» **Task requirements**: Would you retype exactly the lines from the one holding "Granite Shoals waterfront" through the last line of the listing, and only those, without pictures?

(Beginning of Provided material)

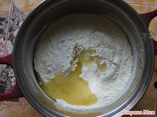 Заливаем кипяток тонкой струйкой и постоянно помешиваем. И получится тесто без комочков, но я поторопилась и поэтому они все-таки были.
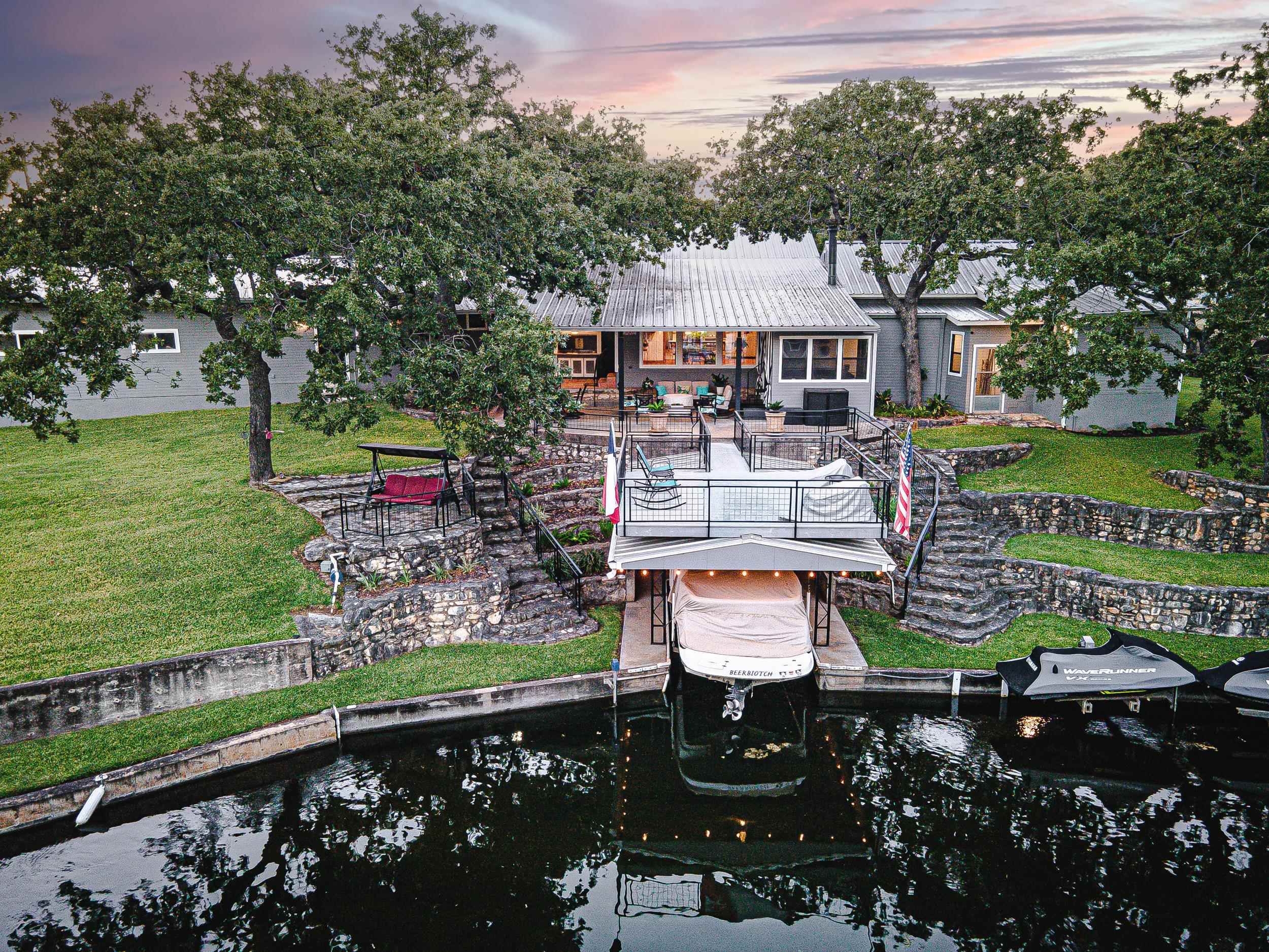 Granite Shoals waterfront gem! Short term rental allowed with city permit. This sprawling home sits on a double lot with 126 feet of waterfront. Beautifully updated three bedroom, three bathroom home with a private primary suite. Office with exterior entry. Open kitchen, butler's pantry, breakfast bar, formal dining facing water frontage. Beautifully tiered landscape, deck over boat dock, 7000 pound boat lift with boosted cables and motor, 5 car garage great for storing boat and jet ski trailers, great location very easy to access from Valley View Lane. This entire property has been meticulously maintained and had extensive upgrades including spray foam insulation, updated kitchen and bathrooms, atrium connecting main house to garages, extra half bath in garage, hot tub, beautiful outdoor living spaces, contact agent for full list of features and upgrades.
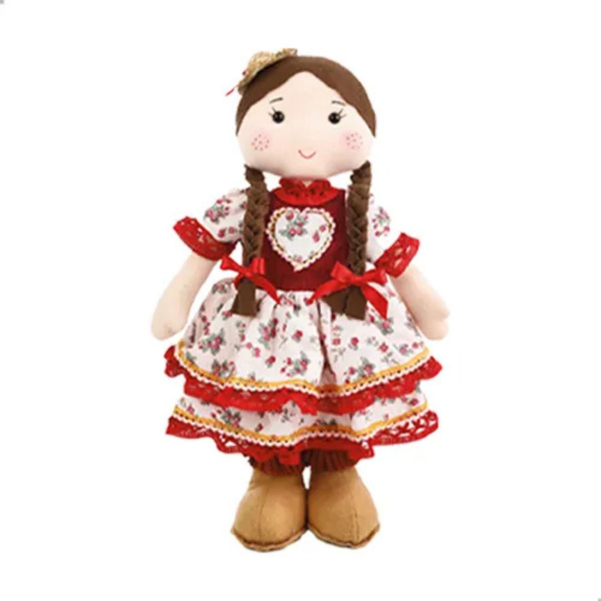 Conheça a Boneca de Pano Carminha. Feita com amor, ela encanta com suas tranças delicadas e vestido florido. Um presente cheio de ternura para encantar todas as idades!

(End of Provided material)

» **Worked solution**:
 Granite Shoals waterfront gem! Short term rental allowed with city permit. This sprawling home sits on a double lot with 126 feet of waterfront. Beautifully updated three bedroom, three bathroom home with a private primary suite. Office with exterior entry. Open kitchen, butler's pantry, breakfast bar, formal dining facing water frontage. Beautifully tiered landscape, deck over boat dock, 7000 pound boat lift with boosted cables and motor, 5 car garage great for storing boat and jet ski trailers, great location very easy to access from Valley View Lane. This entire property has been meticulously maintained and had extensive upgrades including spray foam insulation, updated kitchen and bathrooms, atrium connecting main house to garages, extra half bath in garage, hot tub, beautiful outdoor living spaces, contact agent for full list of features and upgrades.
 Conheça a Boneca de Pano Carminha. Feita com amor, ela encanta com suas tranças delicadas e vestido florido. Um presente cheio de ternura para encantar todas as idades!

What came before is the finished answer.